Вряд ли эти средства Докучаев успел освоить. Удары судьбы и болезни, в конце концов, сломили его. После смерти в 1897 году любимой жены он стал быстро угасать.

Тридцатого марта 1901 года от Василия Васильевича пришло письмо, заставившее Вернадского содрогнуться: "Мое здоровье всю прошлую зиму продолжало упорно ухудшаться, и в настоящее время я представляю из себя совершенную развалину. Меня особенно мучает сильное ослабление памяти, зрения, слуха, обоняния и вкуса, т. е. решительно всех органов чувств. Чем все это кончится, страшно подумать, дорогой, навек незабвенный для меня, Владимир Иванович. Еще раз простите, а вероятно и прощайте, бесконечно дорогой и святой Владимир Иванович…"

Глава восьмая
"Я НЕ МОГУ УЙТИ В ОДНУ НАУКУ"

Декабристы, "сороковики", шестидесятники… - "Союз освобождения". - Самочинные собрания. - Университету - автономию! - Смерть С. Н. Трубецкого. - "Стал кадетом незаметно… через братство". - Академия наук. - Государственный совет. - "И не пустяк твои мечтанья!" - Выборг. - "Новь"

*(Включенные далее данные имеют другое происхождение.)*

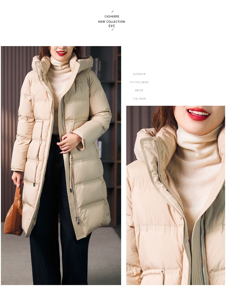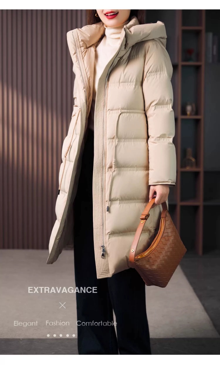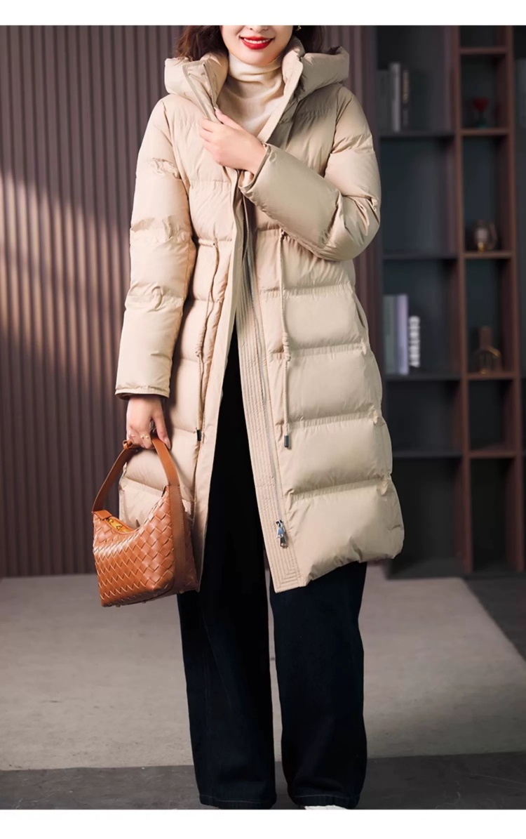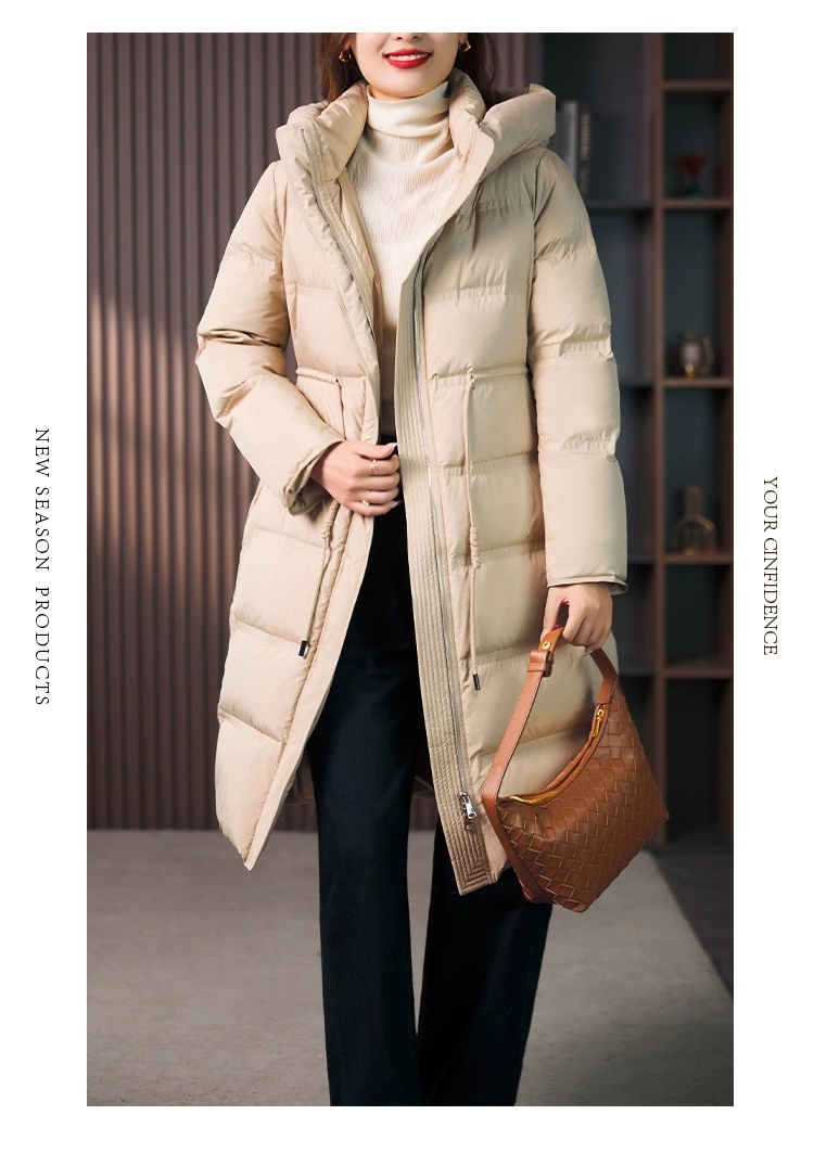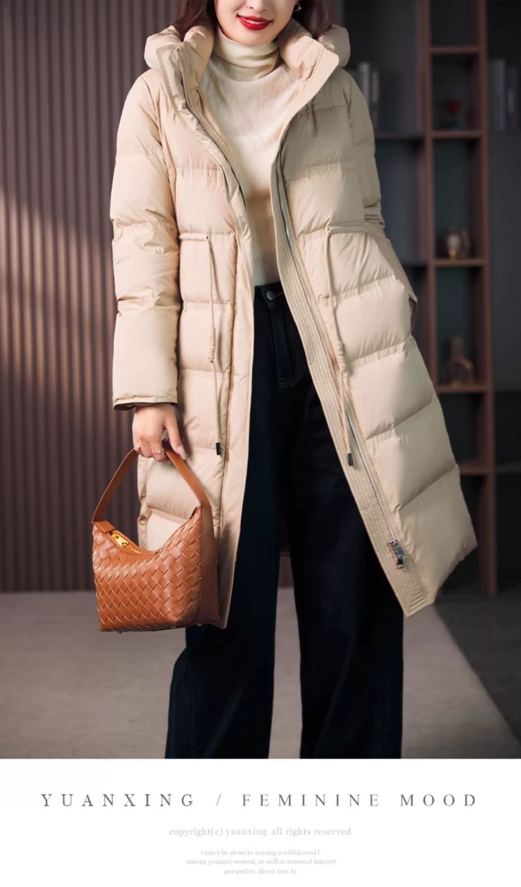原形90白鹅绒连帽气质羽绒服女2023冬季新款收腰修身加厚保暖外套

На рубеже веков противостояние общества и власти становится уже нестерпимым. Вернадский держит руку на пульсе событий, постоянно анализирует состояние общественных и государственных реалий.

"Жизнь все-таки идет своей чередой. Несмотря на реакцию, на стеснения, которым подвергается общество, - чувствуется, что оно крепнет и в теснящих его рамках вырабатывает себе условия жизни. Тесные рамки не прочны и быстро падут в благоприятный момент.

Действительно, рамки жизни рушатся - рамки общественной жизни. Политическая роль земств постепенно сглаживается, и сама идея самоуправления оказывается несовместимой с государственной бюрократической машиной. Оно и понятно, т. к. ясно проникло в огромные слои русской жизни сознание необходимости политической свободы и возможности достигнуть ее путем развития самоуправления. Вероятно, земство должно быть уничтожено, т. к. при таком общественном сознании и настроении не может быть достигнуто устойчивое равновесие: или самоуправление должно расширяться, или постепенно гибнуть в столкновении с бюрократией".

Так Вернадский писал 3 ноября 1900 года. И действительно, до падения рамок, до исполнения их юношеской мечты - обретения свободы - оставалось пять лет, а до уничтожения земства - 17.

Верное своей клятве, братство в самой гуще событий. Друзья чувствуют, что влились в поток всего освободительного движения XIX века. Для них оно не история, а непосредственное живое продолжение. В некоторых отношениях даже семейная традиция. Например, Шаховской никогда не забывал, что он внук одного из знаменитых декабристов, так же как их общий московский знакомый Вячеслав Якушкин. Дмитрий Иванович разрабатывал архив своей семьи, где хранились многие письма деда.